Exponential:: The Exponential distribution is frequently used to model times between events. It can also be used in other cases where the outcome of the measurement is a positive number and where a smaller value is more likely than a larger value. The parameter that determines the distribution is the rate $\lambda$. The expression “$\mathrm{Exponential}(\lambda)$” is used to identify the Exponential distribution. The sample space for this distribution is the collection of positive numbers. The expectation of the distribution is $1/\lambda$ and the variance is $1/\lambda^2$. The functions “dexp”, “pexp”, and “qexp” may be used in order to compute the density, the cumulative probability, and the percentiles, respectively, for the Exponential distribution. The function “rexp” can be used in order to simulate a random sample from this distribution.
Normal:: The Normal distribution frequently serves as a generic model for the distribution of a measurement. Typically, it also emerges as an approximation of the sampling distribution of statistics. The parameters that determine the distribution are the expectation $\mu$ and the variance $\sigma^2$. The expression “$\mathrm{Normal}(\mu,\sigma^2)$” is used to mark the Normal distribution. The sample space for this distribution is the collection of all numbers, negative or positive. The expectation of the distribution is $\mu$ and the variance is $\sigma^2$. The functions “dnorm”, “pnorm”, and “qnorm” may be used in order to compute the density, the cumulative probability, and the percentiles for the Normal distribution. The function “rnorm” can be used in order to simulate a random sample from this distribution.

9.4.4 Sampling Distribution of Statistics

Theoretical models describe the distribution of a measurement as a function of a parameter, or a small number of parameters. For example, in the Binomial case the distribution is determined by the number of trials $n$ and by the probability of success in each trial $p$. In the Poisson case the distribution is a function of the expectation $\lambda$. For the Uniform distribution we may use the end-points of the interval, $a$ and $b$, as the parameters. In the Exponential case, the rate $\lambda$ is a natural parameter for specifying the distribution and in Normal case the expectation $\mu$ and the variance $\sigma^2$ my be used for that role.

The general formulation of statistical inference problems involves the identification of a theoretical model for the distribution of the measurements. This theoretical model is a function of a parameter whose value is unknown. The goal is to produce statements that refer to this unknown parameter. These statements are based on a sample of observations from the given distribution.

For example, one may try to guess the value of the parameter (point estimation), one may propose an interval which contains the value of the parameter with some subscribed probability (confidence interval) or one may test the hypothesis that the parameter obtains a specific value (hypothesis testing).

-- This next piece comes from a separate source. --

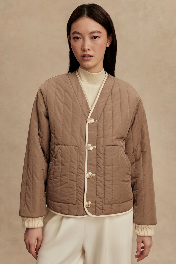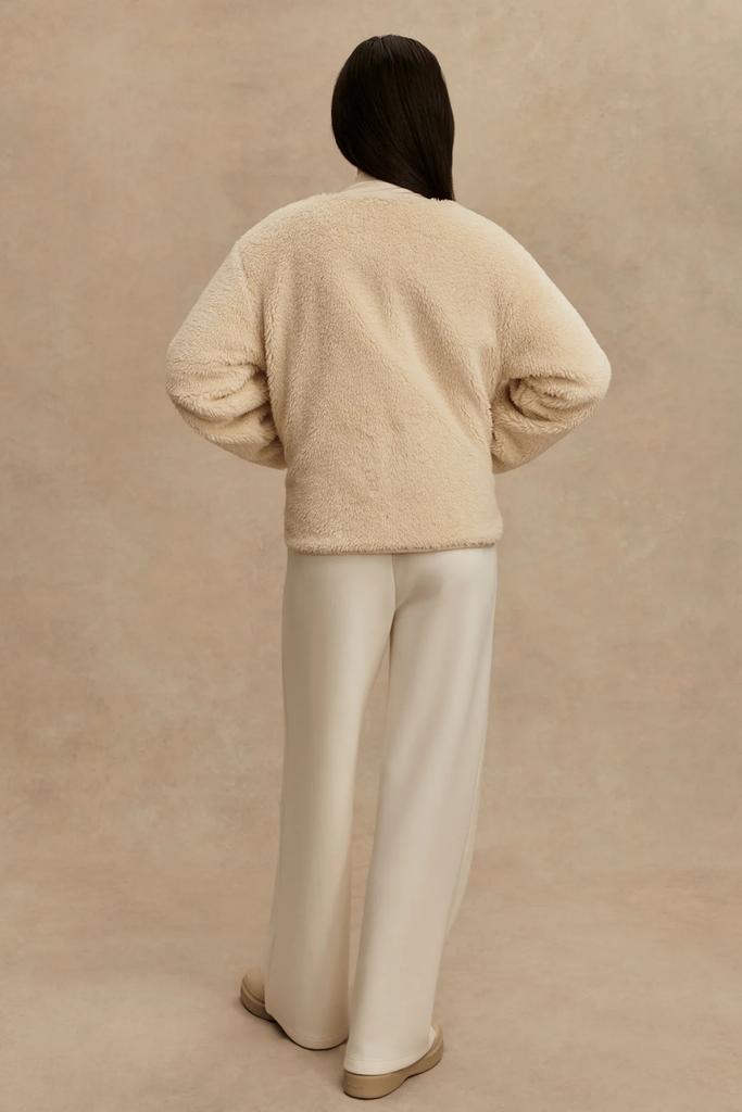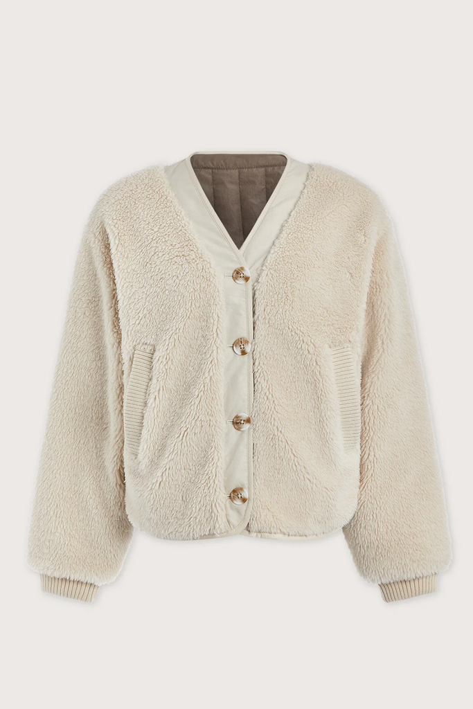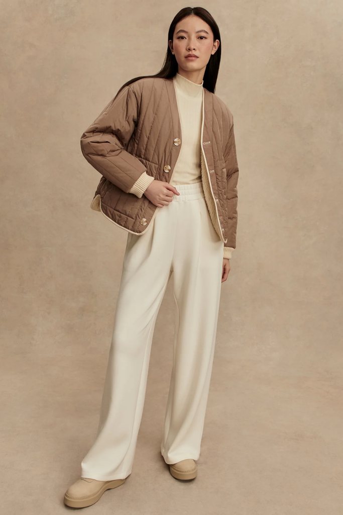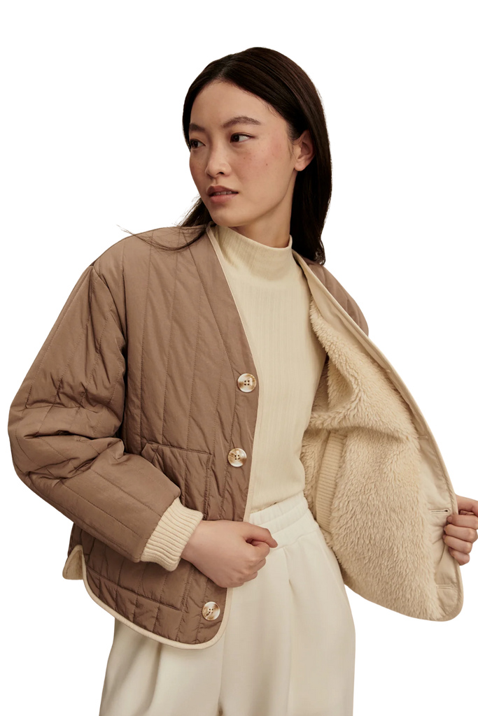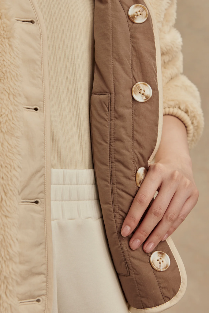 The Drew Jacket by Varley is an effortless layering essential designed for cooler days. Reversible for versatile styling, it features plush sherpa on one side and an elegantly quilted crinkle shell on the other. A modern, cardigan-inspired silhouette is finished with button closures, ribbed cuffs, patch pockets, and contrast binding for a refined touch.

The vehicles for conducting the statistical inferences are statistics that are computed as a function of the measurements. In the case of point estimation these statistics are called estimators. In the case where the construction of an interval that contains the value of the parameter is the goal then the statistics are called confidence interval. In the case of testing hypothesis these statistics are called test statistics.

In all cases of inference, The relevant statistic possesses a distribution that it inherits from the sampling distribution of the observations. This distribution is the sampling distribution of the statistic. The properties of the statistic as a tool for inference are assessed in terms of its sampling distribution. The sampling distribution of a statistic is a function of the sample size and of the parameters that determine the distribution of the measurements, but otherwise may be of complex structure.

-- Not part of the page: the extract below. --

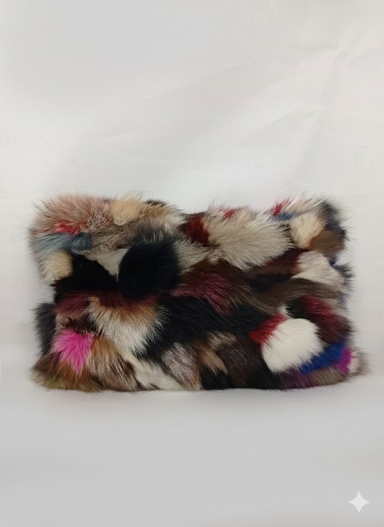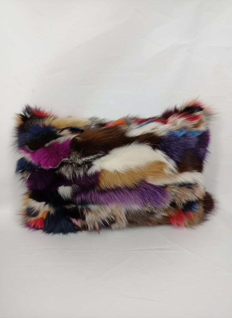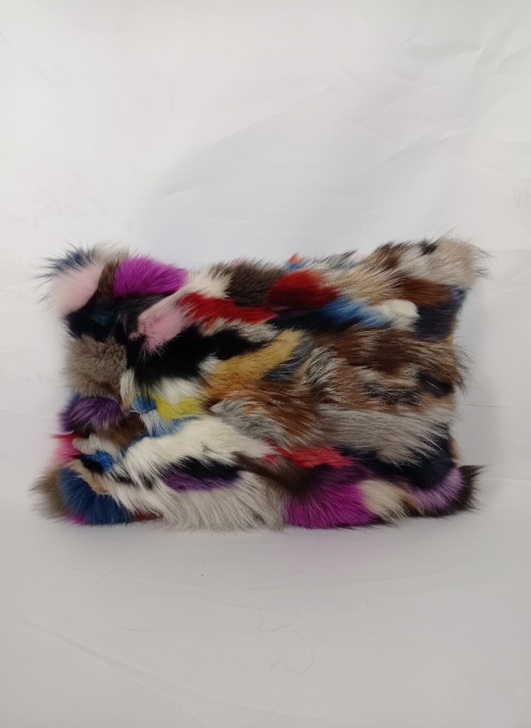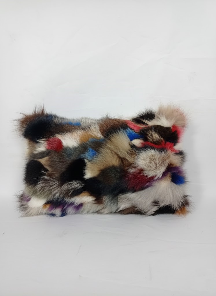 Poduszka wykonana z wielokolorowych kawałków naturalnego futra lisa zachwyca oryginalnym wzornictwem i niepowtarzalnym charakterem.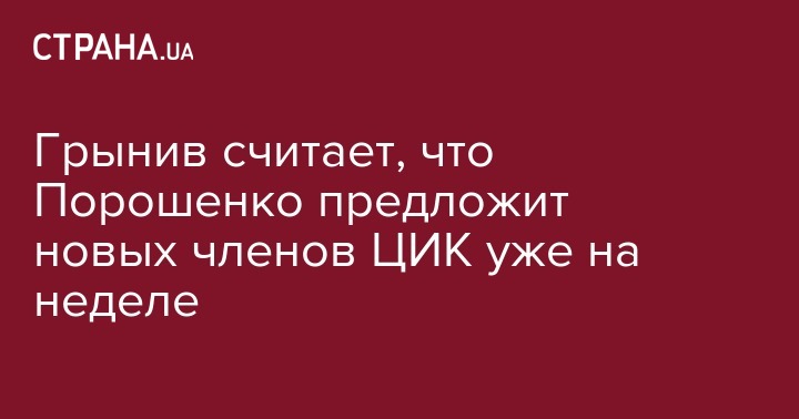 Грынив считает, что Порошенко предложит новых членов ЦИК уже на неделе

In order to assess the performance of the statistics as agents of inference one should be able to determine their sampling distribution. We will apply two approaches for this determination. One approach is to use a Normal approximation. This approach relies on the Central Limit Theorem. The other approach is to simulate the distribution. This other approach relies on the functions available in R for the simulation of a random sample from a given distribution.

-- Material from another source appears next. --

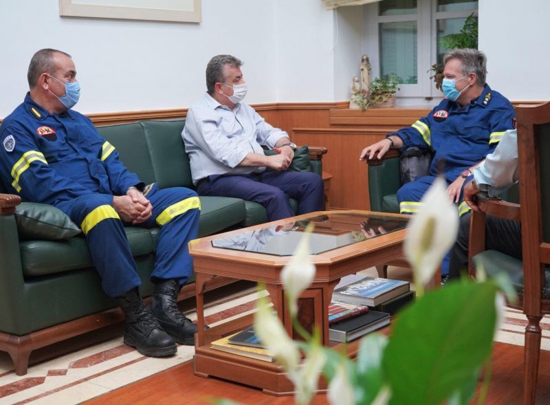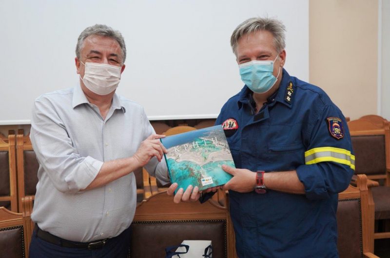 Ο Υποστράτηγος συναντήθηκε με τον Περιφερειάρχη Κρήτης στο πλαίσιο περιοδείας του στο νησί ενώ ακολούθησε σύσκεψη με όλους τους εμπλεκόμενους με την Πολιτική Προστασία. Στη διάρκεά της συζητήθηκαν επιμέρους θέματα συνεργασίας, ειδικά στον τομέα της πρόληψης και της ενημέρωσης του κοινού, καθώς και το ενδεχόμενο παράτασης της αντιπυρικής περιόδου, με τα ανάλογα περιοριστικά μέτρα, λόγω των καιρικών συνθήκων.

9.4.5 The Normal Approximation

In general, the sampling distribution of a statistic is not the same as the sampling distribution of the measurements from which it is computed. For example, if the measurements are from the Uniform distributed then the distribution of a function of the measurements will, in most cases, not possess the Uniform distribution. Nonetheless, in many cases one may still identify, at least approximately, what the sampling distribution of the statistic is.

The most important scenario where the limit distribution of the statistic has a known shape is when the statistic is the sample average or a function of the sample average. In such a case the Central Limit Theorem may be applied in order to show that, at least for a sample size not too small, the distribution of the statistic is approximately Normal.

In the case where the Normal approximation may be applied then a probabilistic statement associated with the sampling distribution of the statistic can be substituted by the same statement formulated for the Normal distribution. For example, the probability that the statistic falls inside a given interval may be approximated by the probability that a Normal random variable with the same expectation and the same variance (or standard deviation) as the statistic falls inside the given interval.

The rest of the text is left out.